Мне нравится формула «модерн – незавершенный проект», которую Юрген Хабермас бросил в ответ на шабаш постмодернистской риторики. И чем чаще я вижу, как размывается, размазывается понятие «постклассического», тем больше мне хочется обсудить возможности «неоклассической позиции».
В теории идеологии (как и в социологии знания в целом) первый из классиков – это Маркс, хотя «Немецкая идеология» и «Коммунистический манифест» были написаны вовсе не для теоретиков, культивирующих в себе ценностно-нейтральный объективно-отстраненный взгляд на социально влиятельные идеи. Маркс ориентировал в идеологии лидеров растущего рабочего движения, или, если угодно, радикальных граждански-социальных активистов тогдашнего обычного сознания.
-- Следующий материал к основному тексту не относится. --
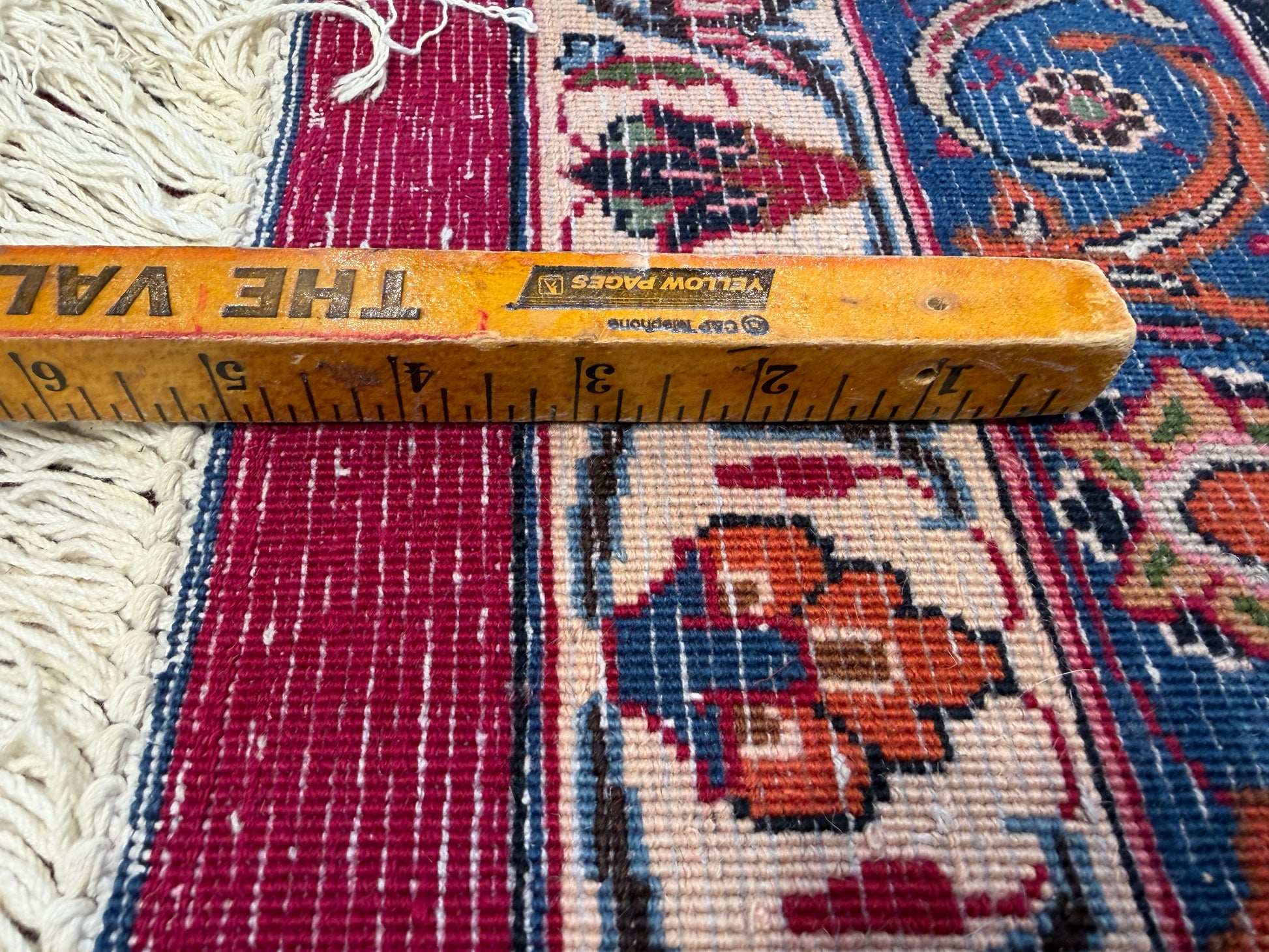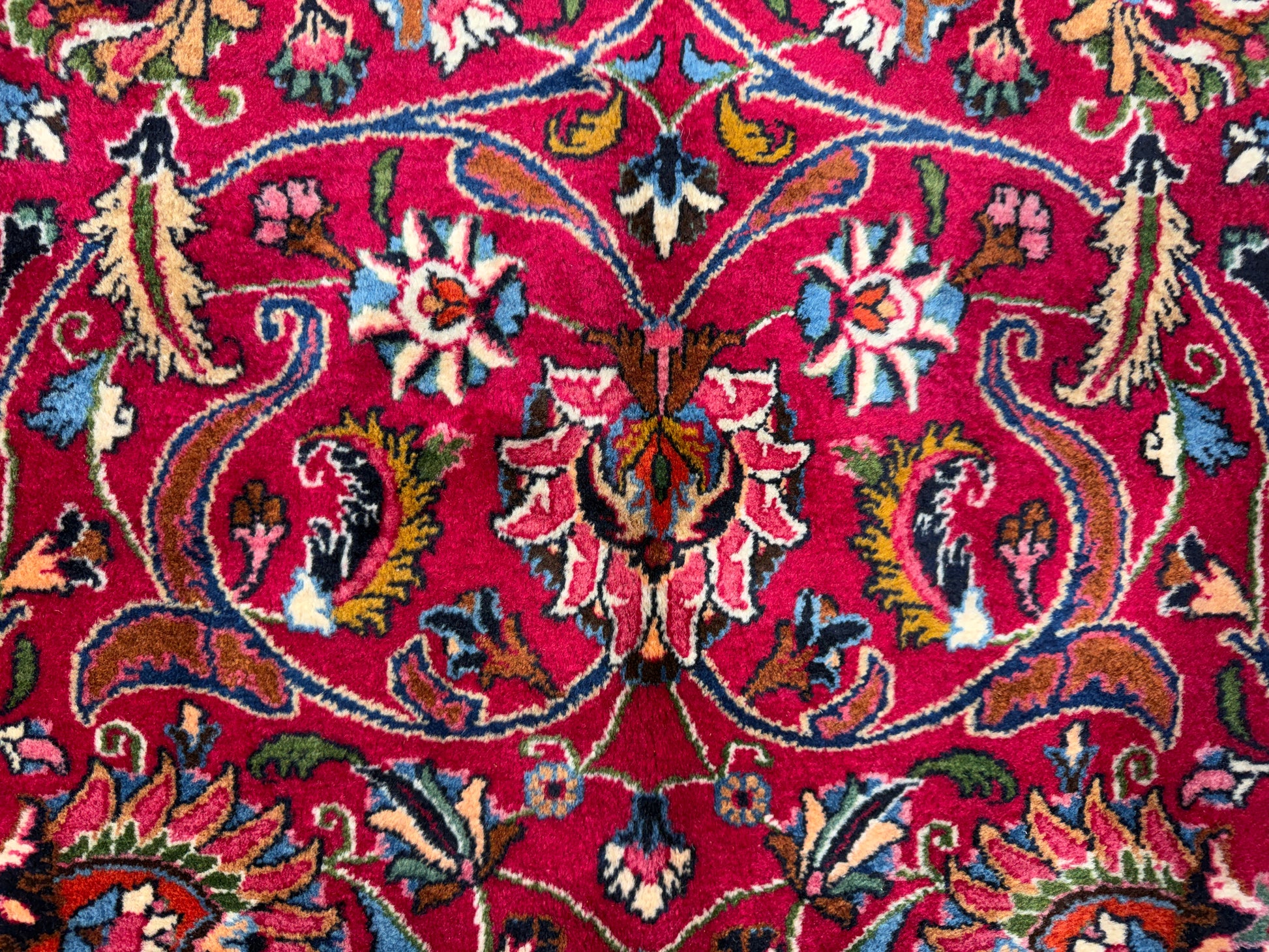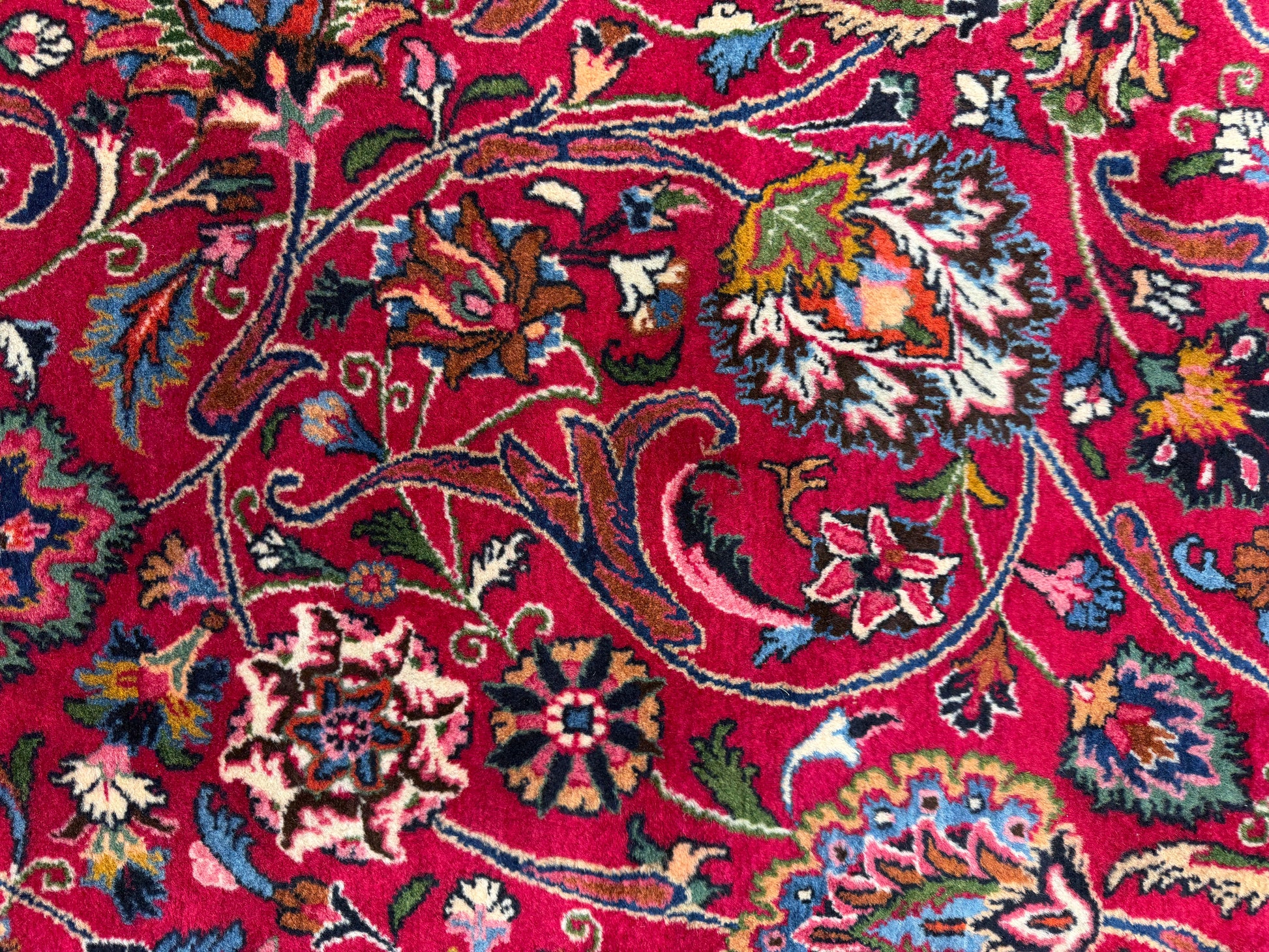 This 11’6” x 16’5” hand-knotted Persian Mashad rug showcases the refined craftsmanship and artistry that the city of Mashad is renowned for. Woven from very fine wool, the rug features a vibrant red field densely adorned with intricate floral motifs, gracefully intertwined vines, and an elegant central medallion. Its multi-tiered borders in shades of deep blue and ivory provide a striking frame, emphasizing the balance and symmetry of the traditional Persian design. Signed by the master weaver, this piece reflects both aesthetic beauty and cultural heritage.

Прямая актуализация «Немецкой идеологии» (или, скажем, программномобилизующей XXIV главы первого тома «Капитала») очевидным образом неэффективна. Карл Маркс – величайший мыслитель XIX в., но именно поэтому трагическая судьба его учения яснее всего обозначила, как объективные, непреодолимые видимости этого века подчиняют себе самую решительную теорию.
Маркс полагал, что имеет дело с капитализмом зрелым, системно завершенным. В действительности он жил и мыслил в эпоху продолжавшегося генезиса капитализма. Именно недоразвитость товарно-капиталистических отношений делала эмпирически неопровержимыми такие теоретические декларации Маркса, как:
– сводимость всякой тенденциозной искаженности сознания к классовособственническому интересу;
– закон абсолютного обнищания;
– превращение рабочего класса в класс без собственности;
– понимание свободы от собственности как свободы от идеологических искажений классового сознания (попытка выдать пролетариат за своего рода «святое сословие», которое не подвержено никакой греховной тенденциозности мышления, поскольку экономически «живет не по лжи»).
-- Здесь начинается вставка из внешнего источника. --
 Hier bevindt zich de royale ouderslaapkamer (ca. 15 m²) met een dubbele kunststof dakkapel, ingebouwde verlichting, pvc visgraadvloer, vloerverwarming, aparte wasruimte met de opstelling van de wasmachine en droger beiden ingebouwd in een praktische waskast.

Уже к началу ХХ столетия стала видна теоретическая сомнительность этих утверждений. Они были отброшены в революционное движение капиталистически неразвитой России, легли в основу совершенно немыслимой для Маркса «пролетарской идеологии», а затем в статусе «марксистско-ленинской идеологии, научной в силу своей революционности и революционной в силу своей научности», активно внедрялись в международное коммунистическое движение.
Эта метаморфоза не отменила ни Марксова материалистического понимания истории, ни такого базисного утверждения его теории идеологии, как зависимость строя идей от строя социально-экономических отношений. Однако после Второй мировой войны актуализация этой теории стала возможной лишь с учетом тех оговорок и поправок, которые успел наметить «поздний Маркс», и тех коррекций и творческих экспликаций, которые предложила неомарксистская и околомарксистская социально-философская мысль.
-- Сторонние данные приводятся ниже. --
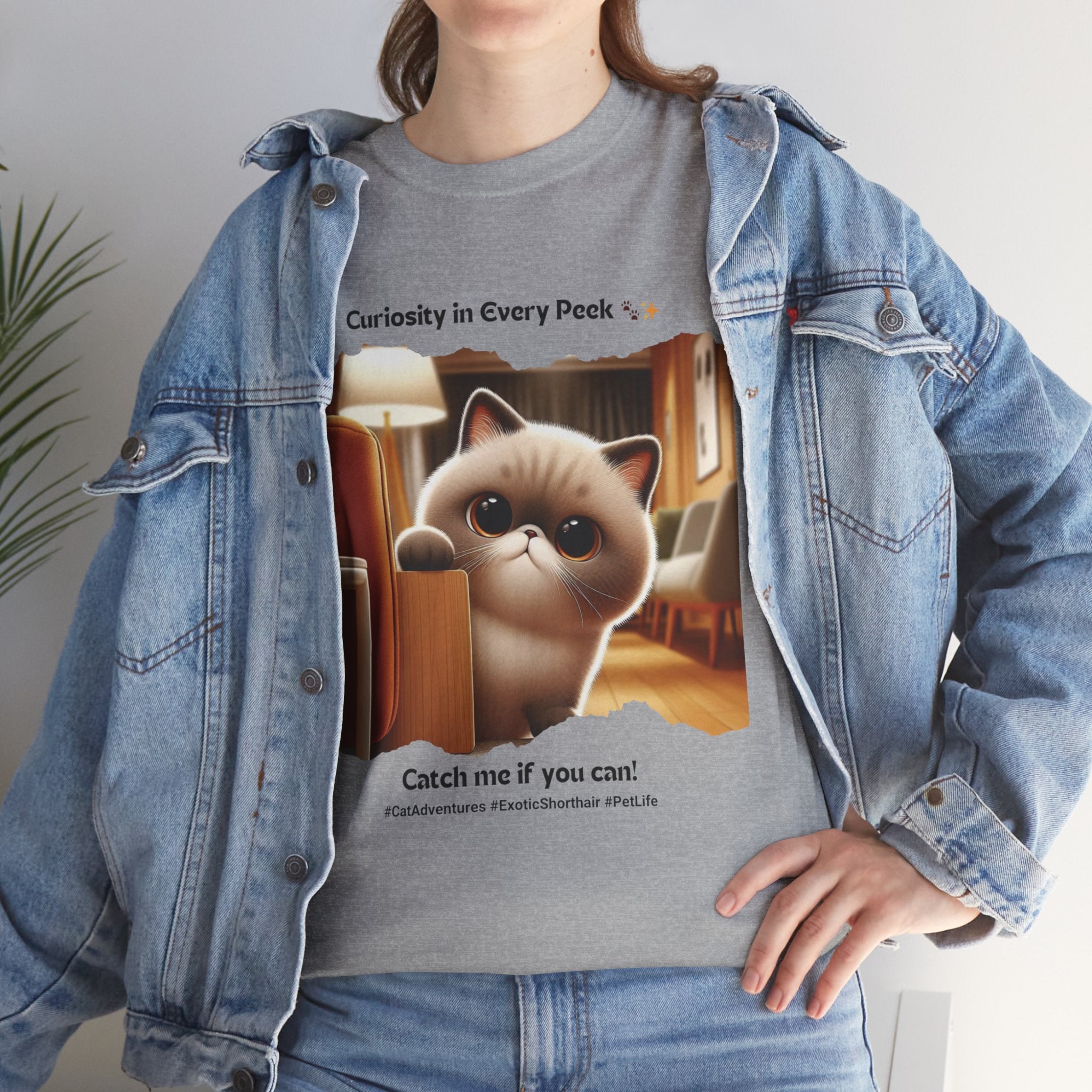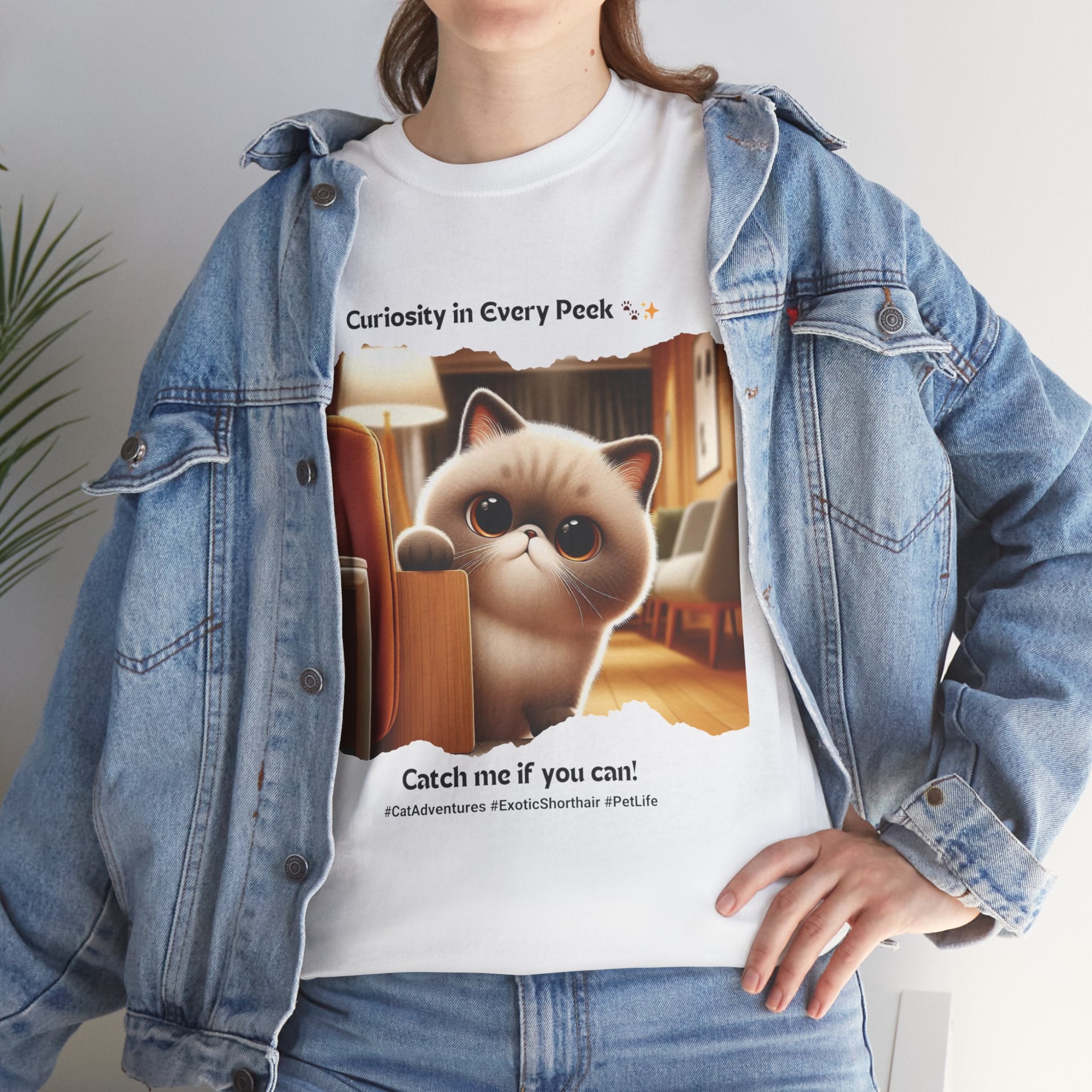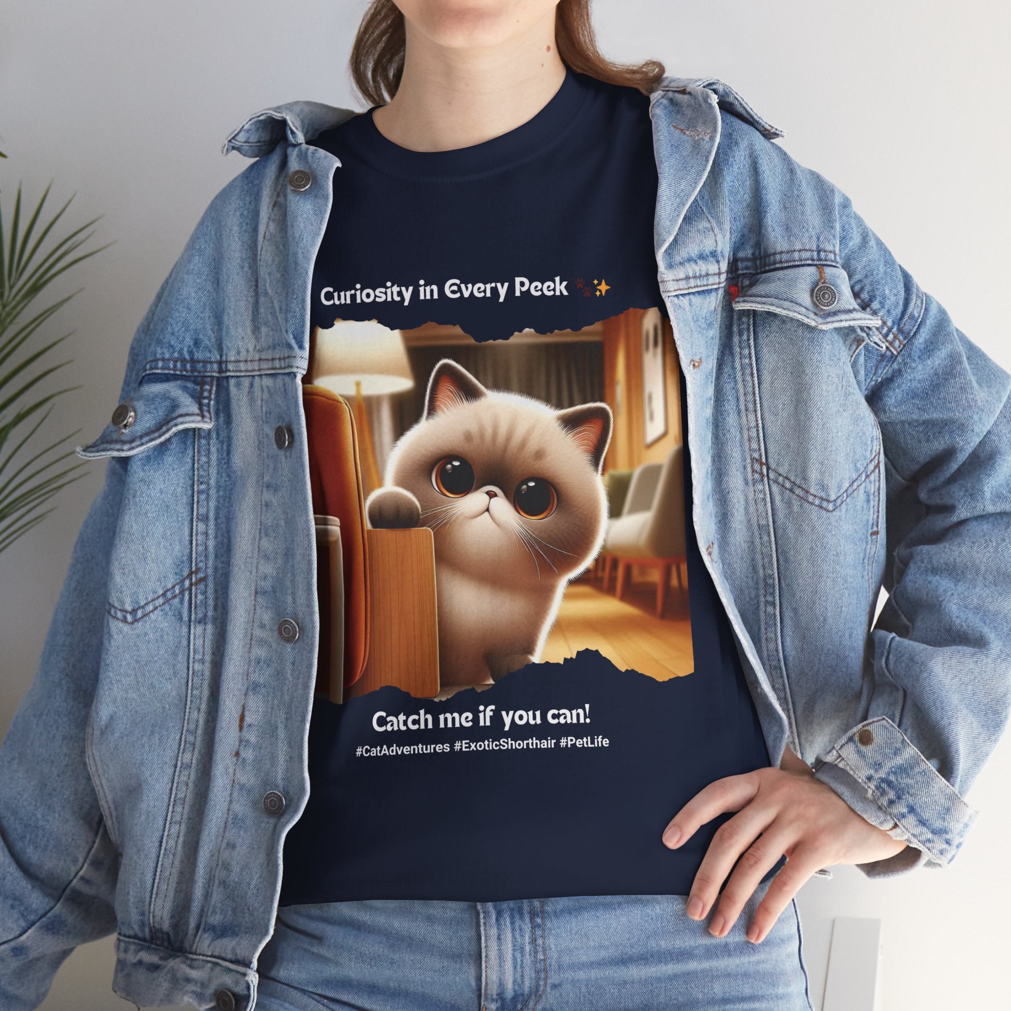 Unisex “Curiosity in Every Peek” Exotic Shorthair T‑Shirt – Inquisitive Cat Gift

Давно замеченные ее представители – это Г. Лукач, К. Мангейм, А. Грамши, К. Корш, Э. Фромм, Э. Блох, Л. Альтюссер. Но нам, российским философам, грех было бы не вспомнить о «московском подцензурном неомарксизме» 1950–1960-х гг., о тех, кто всерьез продумывая Марксово понимание сознания и мышления, сделали возможной оригинальную «шестидесятническую» редакцию его теории идеологии.